Exercise requirements:
Only the lines from the beginning of the data through the one with "Affordable Housing at" belong in the answer, each retyped exactly, with pictures left out.

──────── Excerpted data ────────

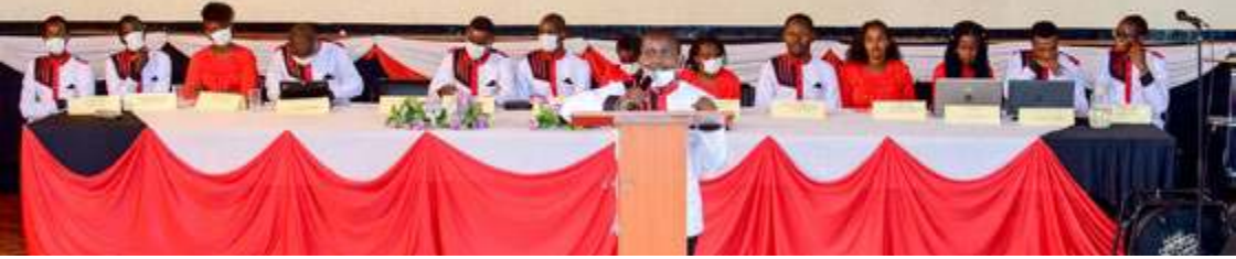
University of Nairobi (UON) Main Campus Christian Union Outgoing Executive Committee during the CU AGM held on 7th Feb 2021

The CU provides a fertile ground for leadership development. The annual transitions allow many Christian leaders to hold leadership positions in the Executive Committee and ministry departments. FOCUS plays a key role in equipping the leaders with the skills and competences needed to run the Christian Unions. A number of key leaders in the Church, Public service, and the private sector attribute their formation to the CU leadership experience.
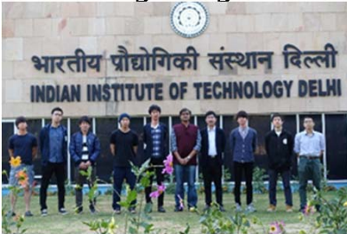
〈Visit to IIT Delhi〉
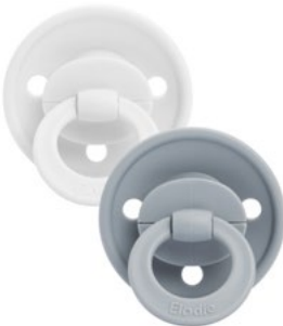
Sunrise Blue 30106103196NA
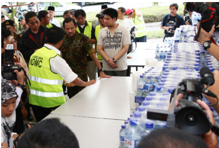
His Majesty and His Royal Highness at the food distribution area.

Also visited were Penapar Police Post, Layong Primary School, and residence of village head of Layong where His Majesty received greetings from members of the public. His Majesty then visited Command Post Lamunin based in Lamunin Fire and Rescue Station.
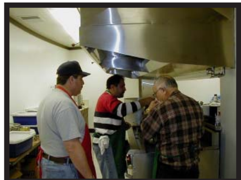
How many chef's does it take to prepare dinner?
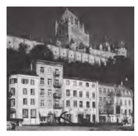
Exhibit 6: Chateau Frontenac, Quebec.

As America grew, each town sought to have its own Tremont House to symbolize how successful and prosperous it was.
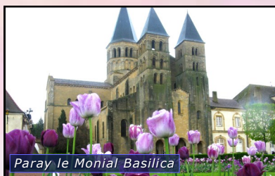
Paray le Monial Basilica
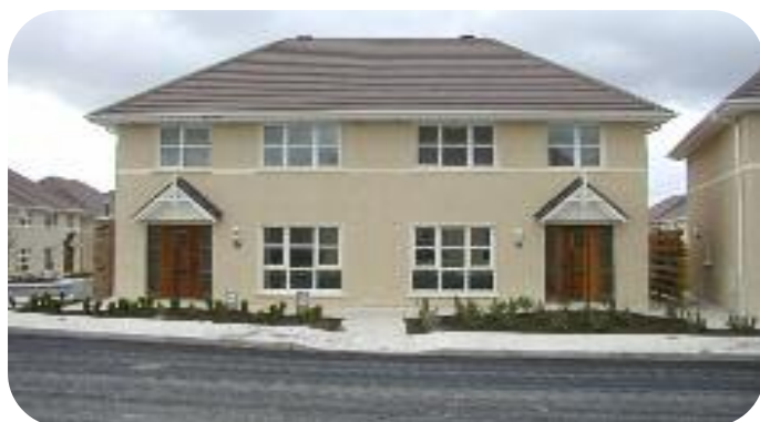
Affordable Housing at Maryborough Village, Portlaoise

There are currently houses for sale in Portlaoise.
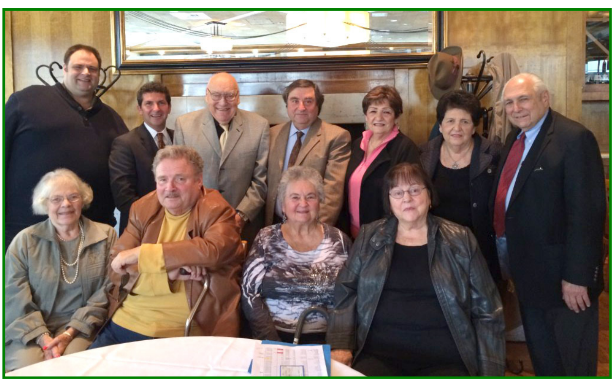
Past President's Luncheon November 13, 2013 at Il Fornaio Restaurant
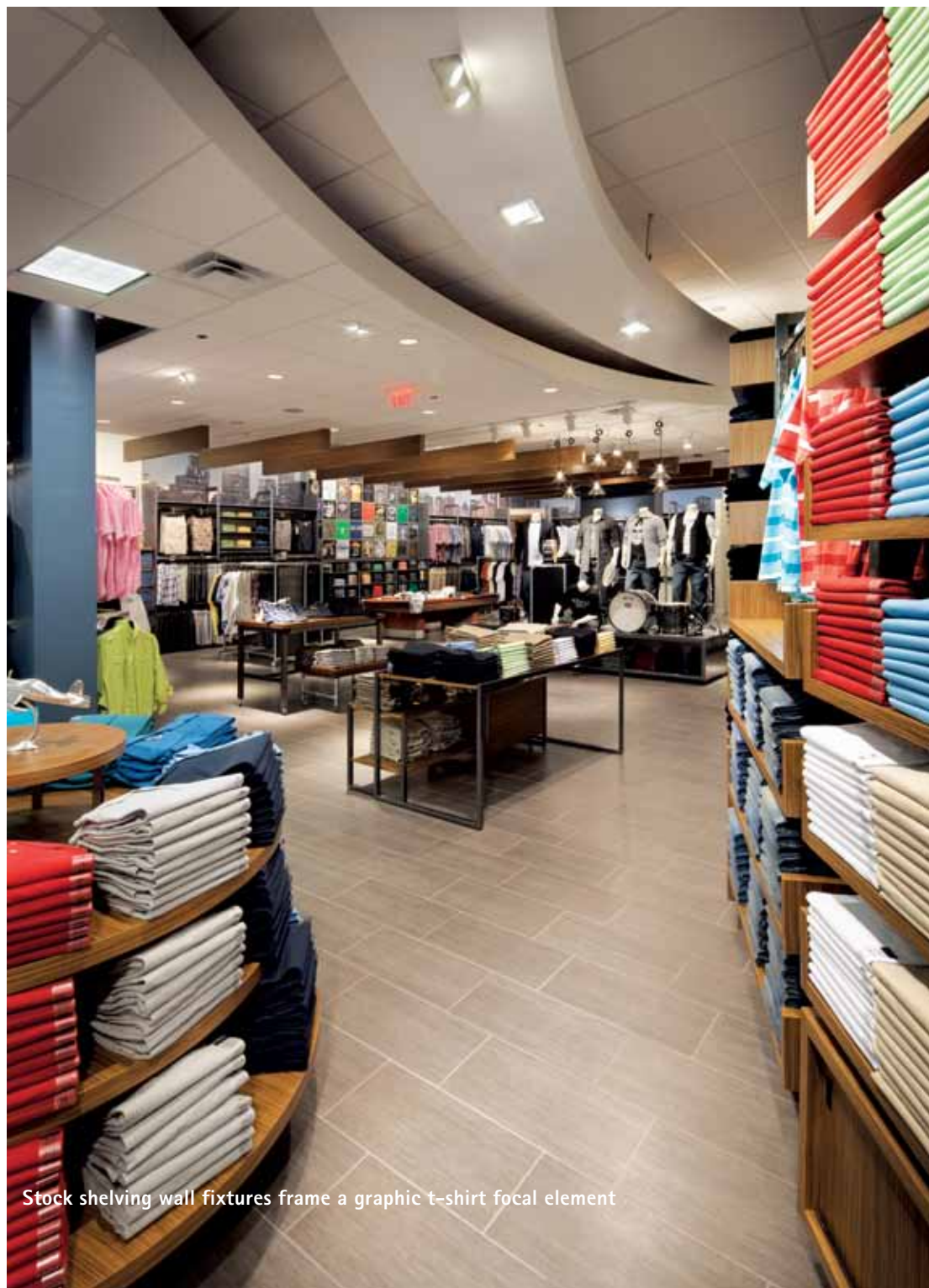
Stock shelving wall fixtures frame a graphic t-shirt focal element
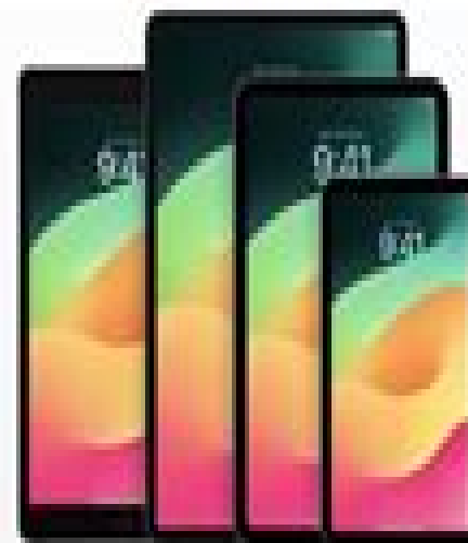
Table of Contents ⓘ
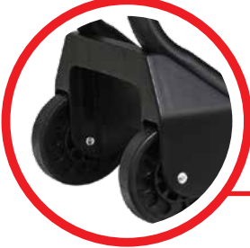
Wheels for Mobility
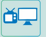
Electronics & Computer
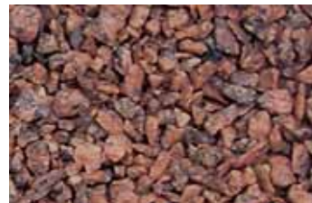
Salmon Pink Granite
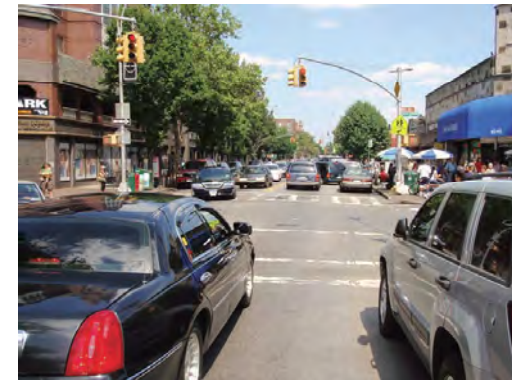
82nd Street: Commercial
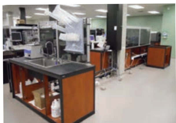
reconfiguring Modular Millwork 1:00 am
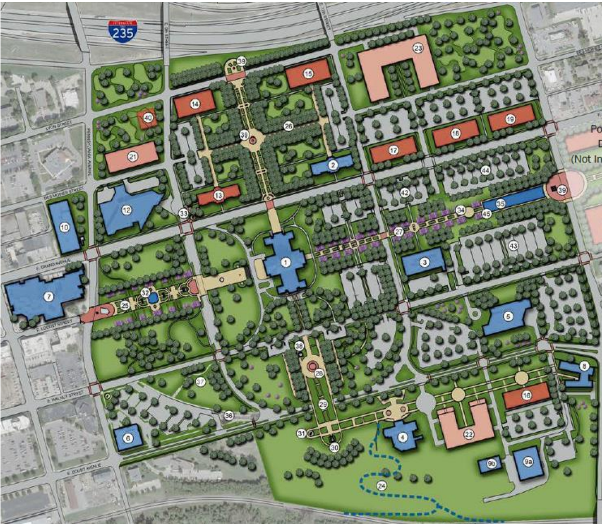
View of the Capitol Complex Master Plan as amended 2018

────────

Reply:
University of Nairobi (UON) Main Campus Christian Union Outgoing Executive Committee during the CU AGM held on 7th Feb 2021

The CU provides a fertile ground for leadership development. The annual transitions allow many Christian leaders to hold leadership positions in the Executive Committee and ministry departments. FOCUS plays a key role in equipping the leaders with the skills and competences needed to run the Christian Unions. A number of key leaders in the Church, Public service, and the private sector attribute their formation to the CU leadership experience.
〈Visit to IIT Delhi〉
Sunrise Blue 30106103196NA
His Majesty and His Royal Highness at the food distribution area.

Also visited were Penapar Police Post, Layong Primary School, and residence of village head of Layong where His Majesty received greetings from members of the public. His Majesty then visited Command Post Lamunin based in Lamunin Fire and Rescue Station.
How many chef's does it take to prepare dinner?
Exhibit 6: Chateau Frontenac, Quebec.

As America grew, each town sought to have its own Tremont House to symbolize how successful and prosperous it was.
Paray le Monial Basilica
Affordable Housing at Maryborough Village, Portlaoise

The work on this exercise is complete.